Laboratório Sismológico da UFRN (LabSis) instalará estações portáteis no Maranhão

    A atividade sísmica no Maranhão continuava apresentando várias réplicas, segundo registros da estação ROSB, da Rede Sismográfica Brasileira (RSBR), instalada em Rosário, Maranhão, a cerca de 40 km da área epicentral.
    Levando em consideração essa atividade e o fato de que não há estudos com redes locais no Maranhão, o  LabSis resolveu instalar uma rede local para estudar a atividade sísmica ora presente. Hoje, seguiram para o Maranhão os técnicos Eduardo Menezes e Flauber Carlos devendo termos mais informações no final de semana. A viagem está sendo financiada pelo INCT de Estudos Tectônicos (INCT-ET), coordenado pelo Dr. Reinhardt Fuck.
    Um mapa da região onde será realizado o trabalho está mostrado na Figura 1.

Figura 1. Mapa da região de interesse. O epicentro está representado pela estrela azul. A estação de Rosário (ROSB), pelo triângulo vermelho. Em destaque, os limites do município de Cachoeira Grande.
     Estamos em contato com a Defesa Civil do Maranhão que já está realizando um levantamento macrossísmico na área, o que permitirá ter um conhecimento do efeito do tremor próximo ao epicentro e não só em São Luís e Teresina.
      Em sismologia, monitoramento e estudo com redes locais são essenciais para o conhecimento da sismicidade de uma região. O monitoramento permite saber o que está acontecendo e, redes de monitoramento, como a RSBR, permitem determinar magnitudes e epicentros, estes dependendo da magnitude dos eventos e da distribuição da rede de monitoramento. A RSBR, que cobre todo o país, foi implementada com financiamento da Petrobrás e, atualmente, conta com recursos da CPRM  para sua operação e manutenção. As instituições que instalaram e operam a rede são o ON, a USP, a UFRN e a UnB, responsável pela estação ROSB.
     Estudos com redes locais permitem não só determinar com maior precisão os hipocentros dos sismos (epicentros e profundidades focais) bem como determinar o mecanismo focal, identificando o plano de falha. Isso é essencial para qualquer discussão sobre a correlação da sismicidade e feições geológicas mapeadas na região.
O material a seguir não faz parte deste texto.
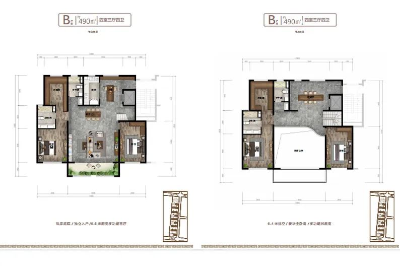 項(xiàng)目主打聯(lián)排疊墅戶型設(shè)計(jì),疊墅是低密度住宅,樓距寬,樓棟密度小,保持有一定的私密性,每戶擁有私家獨(dú)立庭院,及私家花園露臺,庭院入戶,室內(nèi)層高3.2米,每戶設(shè)有私家電梯可以直達(dá)室內(nèi)任一層及空中露臺,地下室和私家車庫。客廳開間6.6米,層高挑空6.4米的設(shè)計(jì)(挑空部分不計(jì)算面積),另外挑空部分可以根據(jù)業(yè)主需求,自行設(shè)計(jì),可以增加一個(gè)約40平米的起居室。

O LabSis vem fazendo isso nos últimos 30 anos com bastante sucesso.
     Um mapa geológico da região pode ser visto na Figura 2.

Figura 2. Mapa geológico da região. Fonte: Lyell Collection.
    O que se pode afirmar preliminarmente é que a atividade sísmica está ocorrendo na parte sul do Cráton de São Luís. Esperamos que essa campanha permita dizer muito mais do que isso.